Стало ясно: что бы он ни сказал, все будет не так: «неискреннее покаяние», «вынужден признать», «разоблаченный в двурушничестве» — обязательно как-то его сформулируют.
— ...Я не умею формально говорить. И на что вам мое формальное признание в ошибках?
А именно это требовалось от него. Ничего больше. Для этого и приехали «сам Симонов» и Первенцев. Пусть формально, но дело надо было закрыть. Пусть сочтут его признание недостаточным, неважно, меры приняты, можно доложить.
— ...Я буду говорить так, как я думаю, только тогда можно полностью понять, что собой представляет человек.
То, что он волновался, было правильно, это могло понравиться собранию, но откровенность, искренность, это настораживало, это могло завести слишком далеко. Говорить то, что думаешь, — этого никогда не требовалось, надо говорить то, что положено.
— Я начну с последних событий. В газете было сказано о том, что я скрыл мое истинное отношение к постановлению Центрального Комитета и не сделал никаких выводов из указаний партии. Я не скрывал моего отношения. Я написал в 1946 году товарищу Сталину, что не могу согласиться с критикой всех моих работ, не все они таковы.
Теперь он читал ровно, спокойно, без всякого выражения, бесцветным голосом. Волосы его были расчесаны на безукоризненный пробор. Чинность его и холодок можно было принять за высокомерие.
— В моем заявлении с просьбой восстановить меня в Союз я написал, что во многом ошибался, делал оплошности, но я не согласен с тем, что я не советский писатель и никогда им не был. Это было основное обвинение и в докладе — именно о том, что я не советский писатель.
И опять повторил четко: «Не могу согласиться!»
— Зачем подчеркивать несогласие? — прошептал кто-то рядом. — Не стóит.
— Все прошлые семь лет у меня было подавленное состояние и я главным образом занимался переводами с финского. Было выпущено несколько книг, помимо того, я закончил книгу, начатую еще до постановления, — о ленинградских партизанах...
Он перечислил рассказы, фельетоны и то, как в последний год начал работать для журналов. Происходил процесс возвращения, медленно, с трудом он оправлялся от того удара.
— Мне казалось, что я крепче и здоровее, а после семи лет, когда несколько ослабели мои нервные вожжи, я проболел несколько месяцев и ощущал чрезвычайную трудность физическую.

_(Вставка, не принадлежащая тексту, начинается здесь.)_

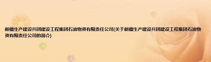 大家好,新疆生产建设兵团建设工程集团石油物资有限责任公司,关于新疆生产建设兵团建设工程集团石油物资有限责任公司的简介很多人还不知道,现在让我们一起来看看吧!
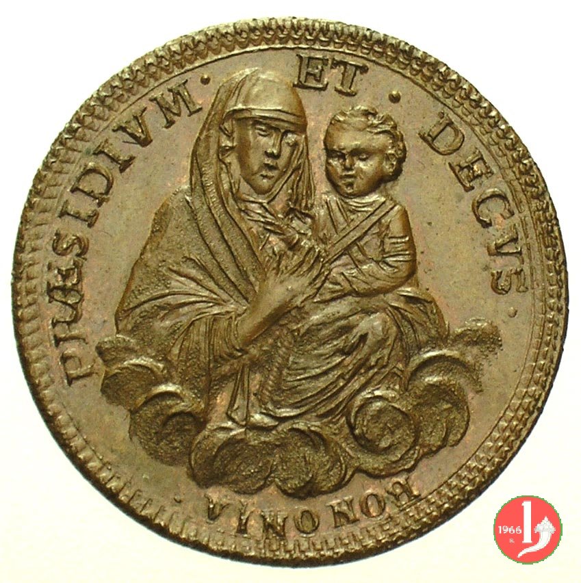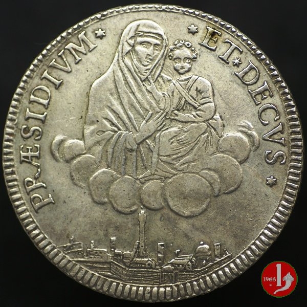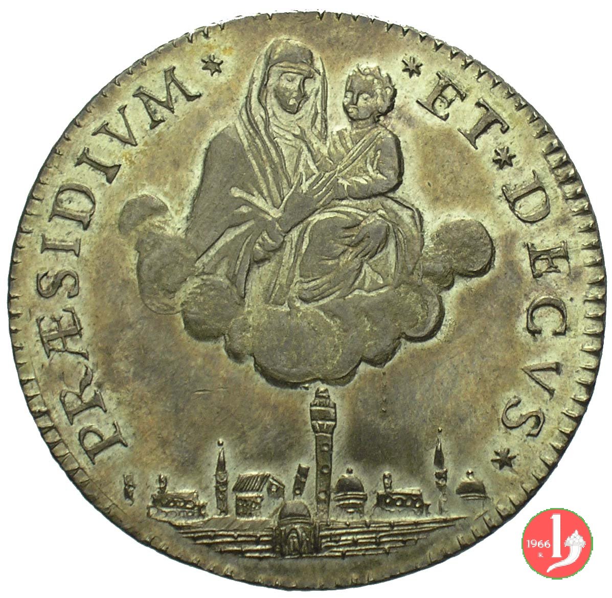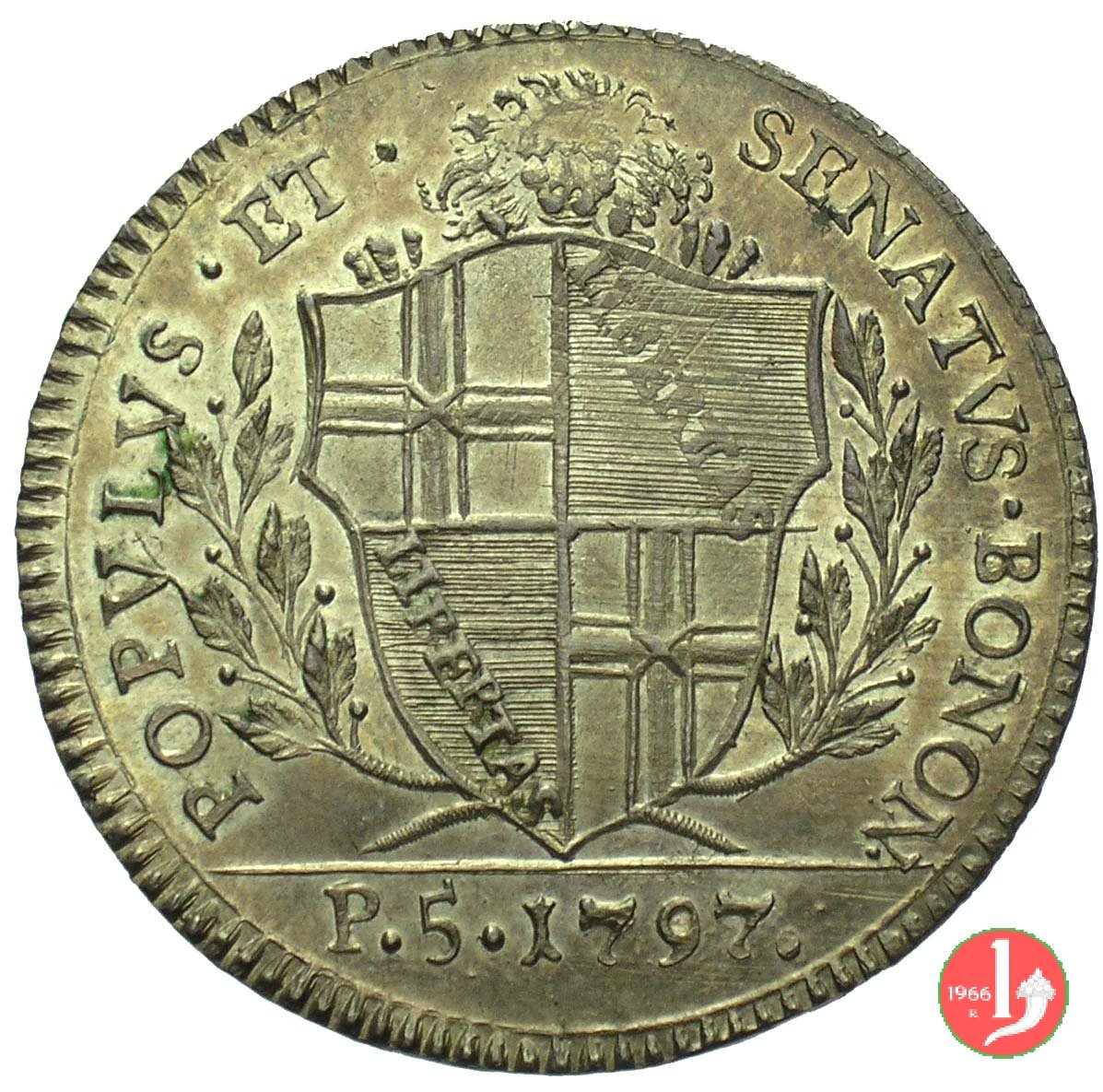 1/2 scudo Dritto: Stemma semiovale della città di Bologna (inquartato con croce nel primo e terzo quarto e motto LIBERTAS nel secondo e terzo) tra rami di lauro e sormontato da testa e zampe leonine. Intorno POPVLVS • ET • SENATVS • BONON •. In esergo, indicazione del valore (P • 5 •), millesimo e •. Verso: Beata Vergine con bambin Gesú su nubi sovrastanti una veduta della città di Bologna. Intorno PRAESIDIVM • • ET • DECVS •. | |
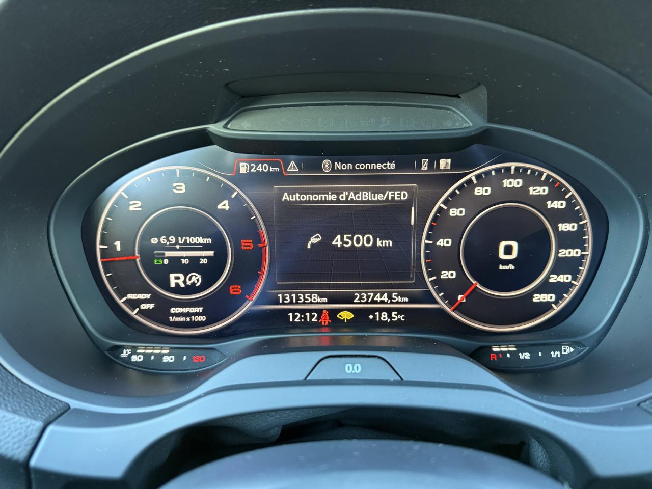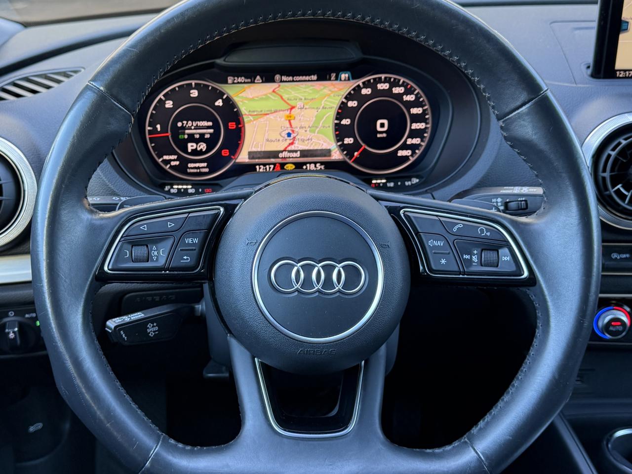 Accoudoir central avantAdvanced Key : système d'autorisation d'accès et de démarrage main libreAirbag de têteAirbags frontaux, latéraux et de genoux pour le conducteur et le passager avantApplications décoratives Aluminium MistralAppuie-tête intégraux à l'avant et à l'arrièreASR (antipatinage) pour une motricité et une rigidité transversale optimales. Réduit le patinage des roues motricesAudi connect 3 moisAudi connect 36 moisAudi drive select, permet différents réglages:Efficience, Confort, Dynamique, Auto et IndividuelAudi Hold AssistAudi Parking System plus avec affichage sélectifAudi sound system : 10 haut-parleurs incluant un haut-parleur central et un subwoofer ; amplificateur à 6 canaux avec une puissance totale de 180 wattsAudi virtual cockpitBoîtiers de rétroviseurs extérieurs dans la teinte du véhiculeBuses de lave-glace chauffantesCâbles de recharge pour téléphone portable, compatibles iPhone et AndroidCaméra de reculCasquette de toitChâssis normalCiel de pavillon en tissu gris rocheClimatisation automatique bi-zoneContrôle de la pression des pneumatiquesDésactivation de l'airbag du passager avantDétecteur de pluie et allumage automatique des projecteursDirection assistée ServotronicEcrous antivolESC : contrôle électronique de stabilisation. Relie ABS, EBV, ASR et EDSFixation pour sièges enfants ISOFIX et Top Tether pour les places arrière extérieuresFrein à disque sur les essieux avant et arrièreFrein de stationnement electromécaniqueInterface BluetoothJantes en aluminium coulé Audi Sport 10 branches en D, style titane mat tournées brill., dim. 7,5J x 18 avec pneus 225/40 R18Kit anticrevaison (compresseur et produit de colmatage)Lecteur CD/MP3 avec un slot pour carte SDNavigation MMI plus avec MMI touchPack Aluminium extérieurPack aluminium intérieurPack EclairagePack rangement et coffrePack SmartphonePare-brise avec isolation acoustiquePeinture intégrale uniePhares à LED avec clignotants arrière à LED dynamiquesRégulateur de vitesseRétroviseur intérieur électrochromeRétroviseurs extérieurs avec clignotants à LED intégrésRétroviseurs extérieurs réglables, dégivrants et rabattables électriquement avec position automatique pour manoeuvre de stationnementSécurité enfants électriqueSellerie en cuir MilanoSièges avant sportSystème ABS avec répartiteur électronique de freinage EBV, programme électronique de stabilisation ESC avec détection de barres de toit et assistance au freinage d’urgenceSystème Start/ Stop avec récupération d'énergie de freinageTapis de sol avant et arrièreTrousse de secours avec triangle de présignalisationVitres latérales et arrière athermiqueVolant réglable manuellement en hauteur et en profondeurVolant Sport multifonction 3 branches en cuir avec méplat et palettes de changement de vitesses
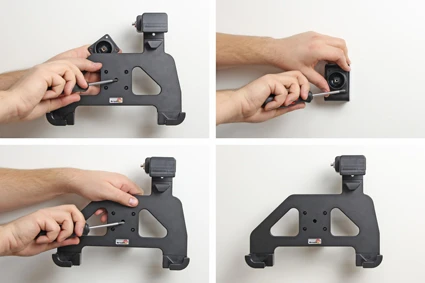 To remove the device from the holder: Use the enclosed key to open the lock. Slide the locks upwards. Pull the upper part of the device out from the holder and then lift the device up and out from the holder.

Кочетов усмехнулся, переглянулся с Первенцевым, это запомнилось потому, что потом имело место продолжение.
— ...Все же некоторые рассказы и фельетоны мои были не плохи. По одному моему рассказу, как вам известно, был изменен режим продажи водки. Стало быть, не так уж оторваны были мои вещи от жизни, стало быть, я учитывал и принял все указания партии, какой должна быть литература.

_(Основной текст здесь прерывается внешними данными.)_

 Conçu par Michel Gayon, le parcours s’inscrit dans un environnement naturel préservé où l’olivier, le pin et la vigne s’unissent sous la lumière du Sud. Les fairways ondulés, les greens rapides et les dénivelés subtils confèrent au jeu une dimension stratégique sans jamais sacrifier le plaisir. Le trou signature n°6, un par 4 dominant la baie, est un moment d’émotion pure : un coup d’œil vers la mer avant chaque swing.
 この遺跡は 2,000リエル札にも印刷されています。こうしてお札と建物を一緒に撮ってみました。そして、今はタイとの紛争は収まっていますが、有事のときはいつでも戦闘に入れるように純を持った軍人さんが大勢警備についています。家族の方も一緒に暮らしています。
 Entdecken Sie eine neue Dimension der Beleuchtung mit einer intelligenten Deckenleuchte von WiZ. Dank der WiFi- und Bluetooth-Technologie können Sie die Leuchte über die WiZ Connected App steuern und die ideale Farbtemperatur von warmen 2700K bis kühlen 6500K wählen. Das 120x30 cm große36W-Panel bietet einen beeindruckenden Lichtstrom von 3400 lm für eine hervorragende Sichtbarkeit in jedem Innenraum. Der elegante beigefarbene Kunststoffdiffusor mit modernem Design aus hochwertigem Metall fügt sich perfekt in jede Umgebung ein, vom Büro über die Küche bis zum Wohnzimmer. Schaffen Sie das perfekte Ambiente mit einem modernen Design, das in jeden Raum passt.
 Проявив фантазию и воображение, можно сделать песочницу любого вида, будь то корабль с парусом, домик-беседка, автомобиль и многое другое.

Во всех кабинетах еще висели портреты Сталина, еще носили его имя заводы, колхозы, улицы и проспекты, на первомайской демонстрации несли изображения Ленина и Сталина. Никому и в голову не приходило, что можно как-то покуситься не то что на постановление, даже на доклад Жданова, ибо он был Соратником, ибо доклад был одобрен, положен в основу...
— Да, было немало вещей у меня в прошлом и аполитичных, и безыдейных — это так. Отчасти это была дань давнему времени — двадцатым годам. Я ведь начал работать в двадцать первом году, мой рассказ «Аристократка» был напечатан в двадцать третьем году, тридцать с лишком лет назад. Грех некоторой аполитичности, который, несомненно, в какой-то степени присутствовал, — это существенно. Но сейчас, повторяю, этого нет... Сказано было еще, что я скрыл свое отношение к постановлению. В злополучный вечер с англичанами, о котором идет речь, даже слова не было сказано о постановлении. Речь шла только о докладе Жданова. Именно этот вопрос задали английские студенты: «Ваше личное отношение к докладу Жданова?» На любой вопрос я готовился ответить шуткой. Но в докладе, где было сказано, что я подонок, хулиган, где было сказано, что я не советский писатель, что с двадцатых годов я глумился над советскими людьми, — я не мог ответить шуткой на этот вопрос. Я ответил серьезно, так, как думаю.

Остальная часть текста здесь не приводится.